Background information
- Also known as: Ady Rosner
- Born: Adolf Rosner May 26, 1910 Berlin, German Empire
- Died: August 8, 1976 (aged 66) West Berlin, West Germany
- Genres: Jazz
- Occupations: Musician; bandleader; composer;
- Instruments: Trumpet; violin;
- Years active: 1929–1946; 1954–1976;
- Labels: Electrola; Syrena; Columbia; Melodiya; Aprelevskiy Zavod;

= Eddie Rosner =

German, Polish and Soviet jazz trumpeter and bandleader (1910–1976)

Adolf Rosner (26 May, 1910 – 8 August, 1976), known professionally as Ady Rosner and Eddie Rosner, was a German, Polish and Soviet jazz trumpeter, bandleader, and composer. Known as the White Louis Armstrong, he was one of the most outstanding jazz trumpeters of his generation.

Rosner played a central role in the development of jazz in Poland during the 1930s, promoting it as a modern art form rather than merely dance music. During World War II, he led one of the most successful jazz orchestras in the Soviet Union with official state approval. Despite his wartime prominence, Rosner was arrested in the late 1940s and spent several years in the Gulag. After his release, he resumed performing and recording but never regained his former international standing.

== Biography ==
=== Early life ===
Rosner was born in Berlin to Polish-Jewish parents, Ignacy and Róża Rosner. He began studying the violin at the Stern Conservatory at the age of six and completed his formal studies in 1920. He subsequently undertook courses in conducting and classical music, initially preparing for a career as a classical musician.

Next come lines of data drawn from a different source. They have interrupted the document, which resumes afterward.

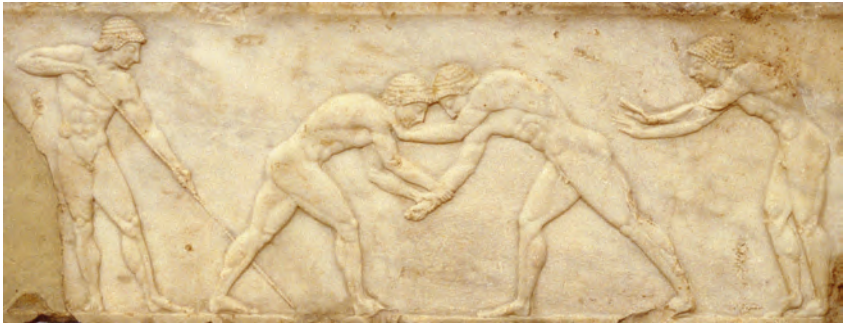
Abbildung 7: Relief mit trainierenden antiken Fünfkämpfern
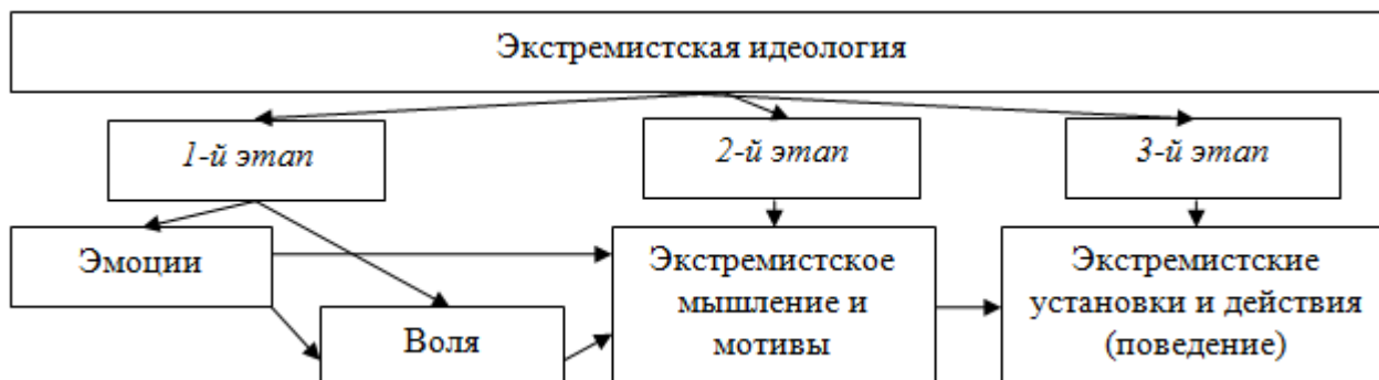
Рис. 1. Влияние экстремистской идеологии на молодого человека, отражающее этапы развития у него экстремистского поведения

По мнению школьных педагогов-психологов, беседы с которыми мы проводили, вовлечение в экстремистскую группу зачастую субъективно становится для молодого человека компенсаторной формой обретения идентичности, так как дает/обещает ему следующие компенсации: реальный (иногда предельный) смысл жизни; достойное место в жизни; чувство принадлежности, избранности, неподвластности; выход за пределы обыденности. Результаты нашего исследования в этом аспекте согласуются с данными, полученными Д.П. Ищенко и Д.К. Григорян, которые рассматривают экстремизм как своеобразный способ самореализации молодежи в современном обществе и средство достижения власти [15].
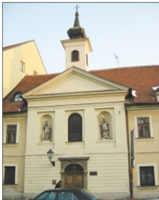
Pročelje crkve sv. Martina u Vlačkoj s kipovima sv. Kvirina i bl. Augustina Kažotića
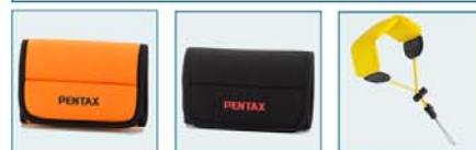
Etui néoprène orange Etui néoprène noir Dragonne flottante
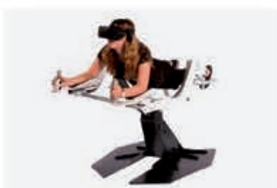
Verleg je grens in de VR-wereld
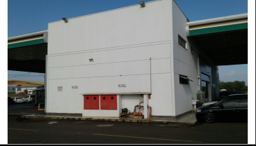
croqui - 1518003355136.jpg
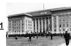
21 Katowice – Urząd Wojewódzki i Sejm Śląski, ul. Jagiellońska 25, 1924-1927 r.
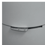
POS 3 - STÄNGT
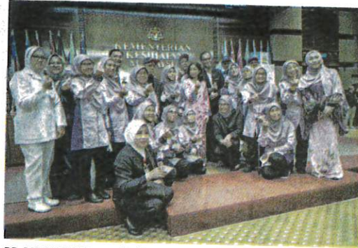
DR. DZULKEFLY (enam dari kanan) bergambar bersama warga emas selepas merasmikan Majlis Perasmian Sambutan Hari Warga Emas Peringkat KKM 2024 di Putrajaya semalam.

AKHBAR : KOSMO MUKA SURAT : 6 RUANGAN : NEGARA
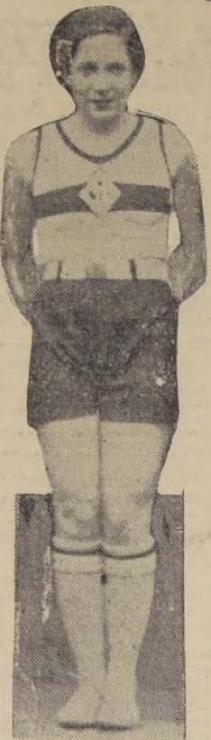
Cora Bozo, que también con-
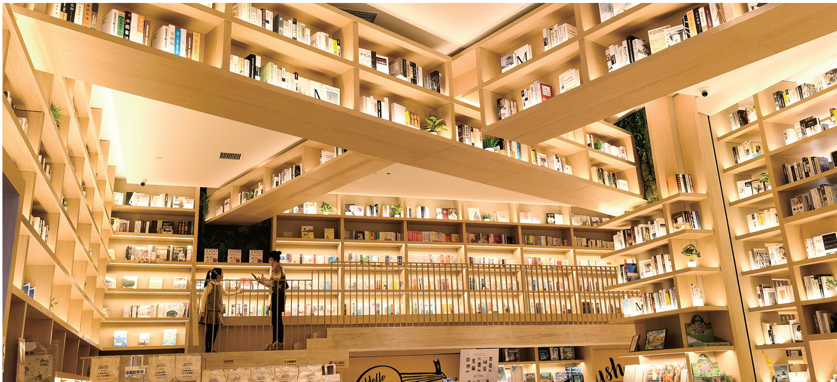
钟书阁特别的设计,沉浸其中,是种享受。
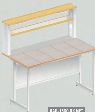
ЛАБ-1500 ПК МЕТ
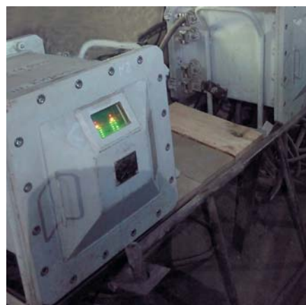
Рис. 1 Контроллер питания базовых станций системы «SBGPS»

– цифровые технологии предпочтительнее аналоговых, поскольку позволяют передавать существенно большее количество информации с более высо-
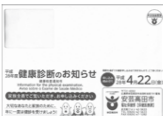
「健康診断のお知らせ」封筒

4月15日(金) 18:30~20:30 4月29日(金・祝) 13:30~15:30
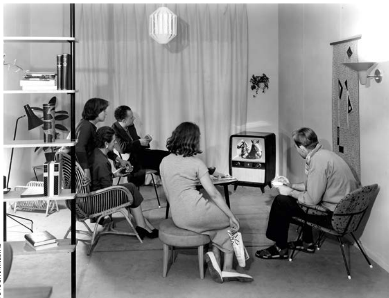
In de jaren vijftig keken steeds meer mensen televisie
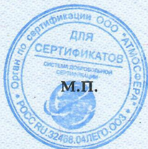
СХЕМА СЕРТИФИКАЦИИ: 1с (ГОСТ Р 53603-2009. Оценка соответствия. Схемы сертификации продукции в Российской Федерации).
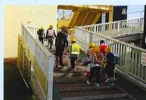
辻堂新町に住む小学生、 八松小への通学跨線橋
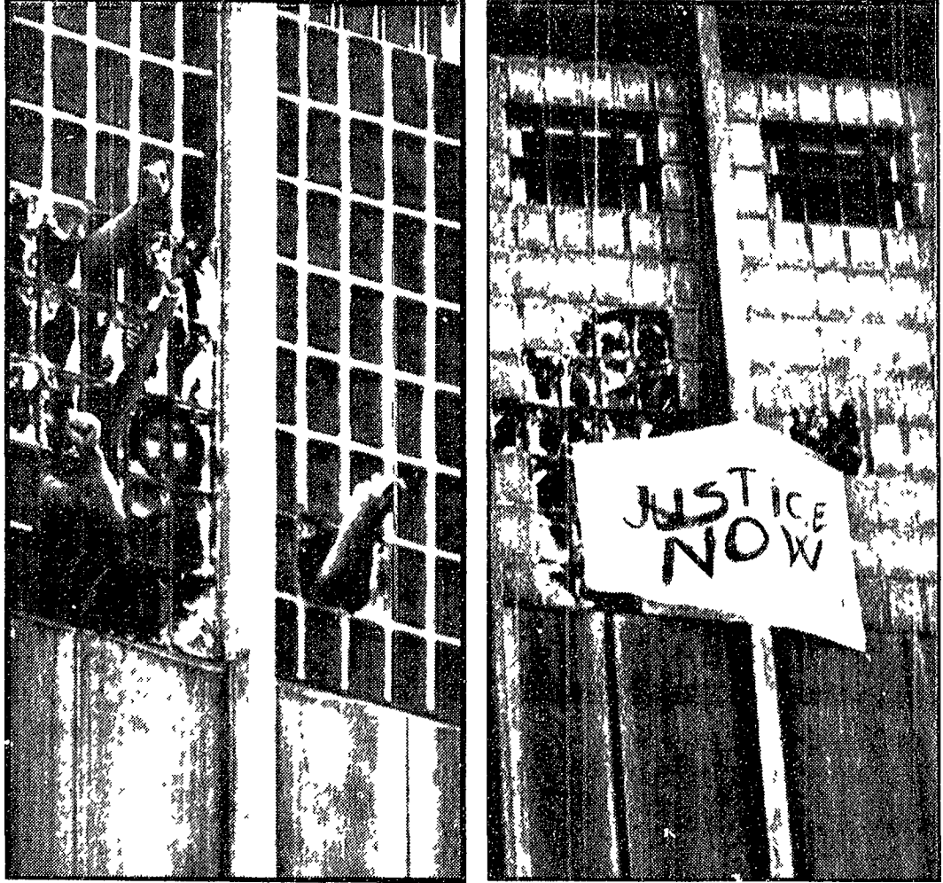
Due momenti della protesta dei detenuti nel carcere di Manhattan. Nel cartello si legge «Giustizia subito»

SUNNY POINT 12. Alla base navale di Sunny Point sono giunti stamattina i due treni carichi di gas nervini destinati ad essere affondati nell'Atlantico. I 14.500 missili tattici contenuti in gas racchiusi in cassoni di cemento armato, saranno collocati all'interno dello scafo di una vecchia nave e affondati con questa a 22 miglia ad est di capo Kennedy. Il governatore della Florida, Claude Kirk, ha fatto un tentativo per bloccare la micidiale operazione con un ricorso alla corte federale. Kirk accusa l'eser-
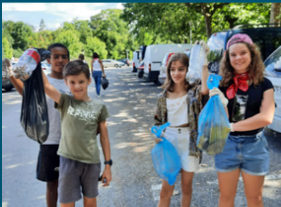
Opération de nettoyage des Promenades à l'initiative du Conseil municipal jeunes le 11 juin.
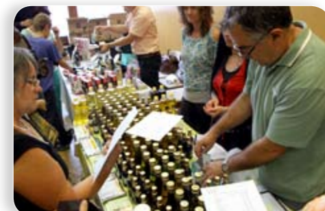
A Vegetáriánus napon a legkülönfélébb ételeket és fűszereket lehetett megkóstolni
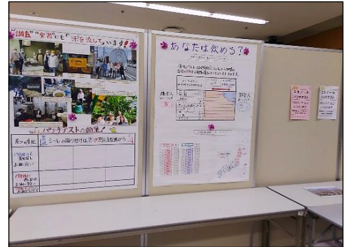
3班のパネルは「楽しい醸造」と題し 酒に強いか弱いかを判断するパッチ テストの実施です
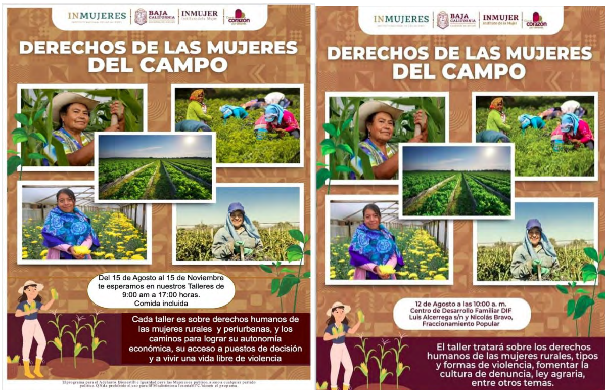
Ilustración 1.- Flyer General y por Taller

LOGRO: se elaboró un Flyer genérico de invitación permanente en el periodo del proyecto, más con Flyer’s específicos que informan sobre el lugar de cada uno de los talleres realizados, enseguida los Flyer’s a modo de ejemplo.
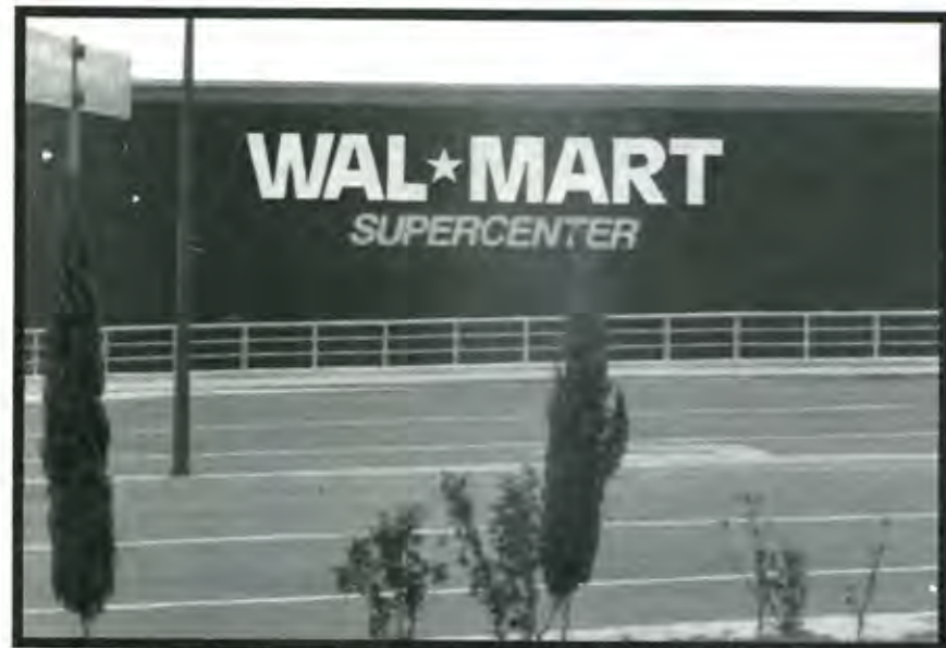
La crisis llevó a inversionistas a encontrar el momento para los negocios en Puebla

municipios del estado como Tehuacán en donde abrió sus puertas la primera tienda de autoservicio Wal Mart y en Atlixco donde se apresuran las obras para abrir la segunda, mientras se decide la localización de terrenos para la tercera en la ciudad de Teziutlán.
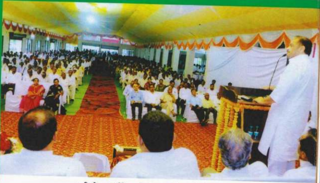
समितीच्या वार्षिक सर्वसाधारण सभेला संबोधित करतांना मा. श्री. सुनीलजी केदार माजी मंत्री महाराष्ट्र राज्य व आमदार सावनेर-कळमेश्वर क्षेत्र व उपस्थित मान्यवर
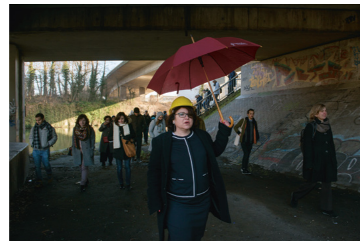
Walhalla tours voor Against the Grain, foto: Moniek Wegdam
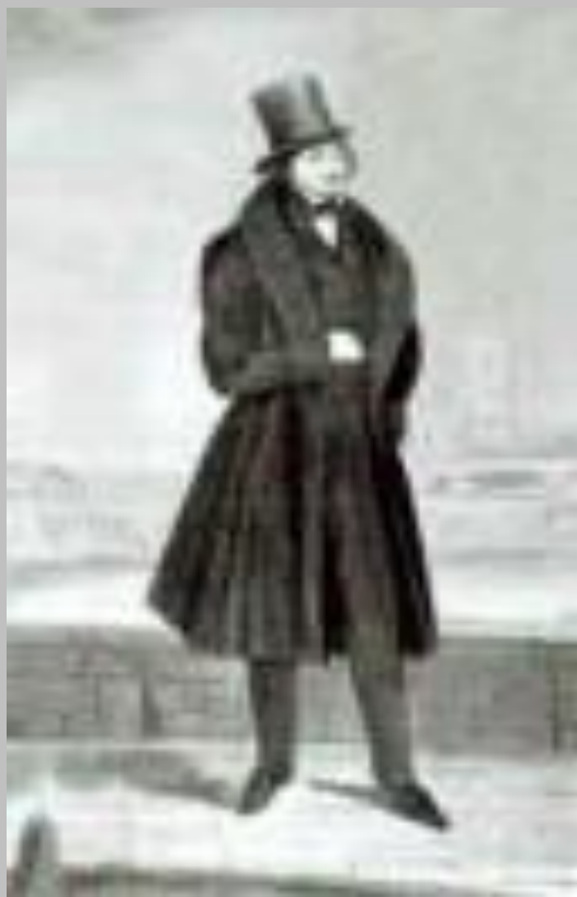
Портрет работи Горюнова.

«Все свои ныне печатные грехи я писал в Петербурге, и именно тогда, когда я был занят должностью, когда мне было некогда, среди этой живости и перемены занятий, и чем я веселее провел канун, тем вдохновеннее возвращался домой, тем свежее у меня было утро».
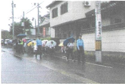
下校時の見守り活動 (子ども重点見守りデー)
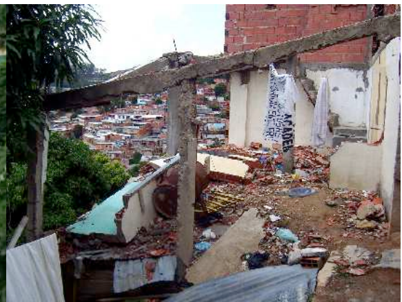
Foto 5: Deslizamiento en Mario Briceño Irragory, Municipio Libertador

Los sectores más peligrosos en términos de amenaza sísmica corresponden a sectores de clase media-alta, muy “formales”, en el centro Este de la ciudad (Rebotier, 2008)... A nadie se le ocurre hablar de asentamientos “informales” en estas situaciones.
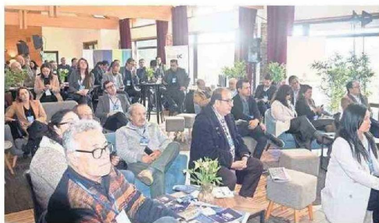
LA OCASIÓN CONTÓ CON UN IMPORTANTE MARCO DE PÚBLICO.

Evento congregó a representantes del mundo público, privado y la academia, con la finalidad de definir caminos que permitan reactivar el crecimiento local.
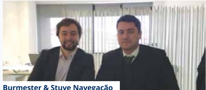
Burmester & Stuve Navegação
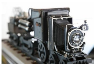
現代アート作家の 作品展示スペース
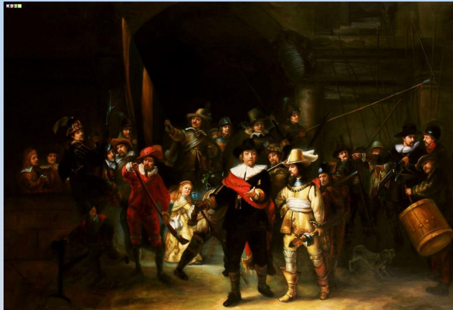
Рембрандт "Ночной дозор"

В Рейксмузеуме находится 20 картин Рембрандта , больше, чем в других музеях мира (коллекция уступает лишь эрмитажной – 26 картин). Включая самое знаменитое произведение, характеризующее Золотой Век – «Ночной дозор» Рембрандта (1642 г.).

During his education, Rosner became acquainted with brass instruments, including the trumpet. Initially, Rosner did not associate his future with jazz, continuing classical musical education and performing occasionally as a soloist. Eventually, however, he decided to pursue a professional career and abandoned his studies. After a short time, he devoted himself entirely to playing the trumpet.

=== Career as a sideman ===
Using the stage name Ady Rosner, he began performing as first trumpeter in Rosa Peters and Marek Weber Orchestra in Hamburg. In 1929, he joined the Weintraub Syncopators, one of Europe's most influential jazz ensembles. With the group, Rosner toured extensively across Europe and performed aboard transatlantic liners such as the New York, travelling between Hamburg and New York City.

During this period, he appeared on soundtracks of several early sound films, including The Blue Angel (1930). He also established contacts with American jazz musicians, corresponding with Gene Krupa. Following the rise of the Nazi Party in Germany, Rosner concluded that returning to Berlin was no longer possible. In Ostend, Rosner met saxophonist Fud Candrix with whom he formed the Jug Band. While touring Italy, he met Louis Armstrong, who reportedly praised his playing – an encounter that contributed to Rosner's enduring nickname.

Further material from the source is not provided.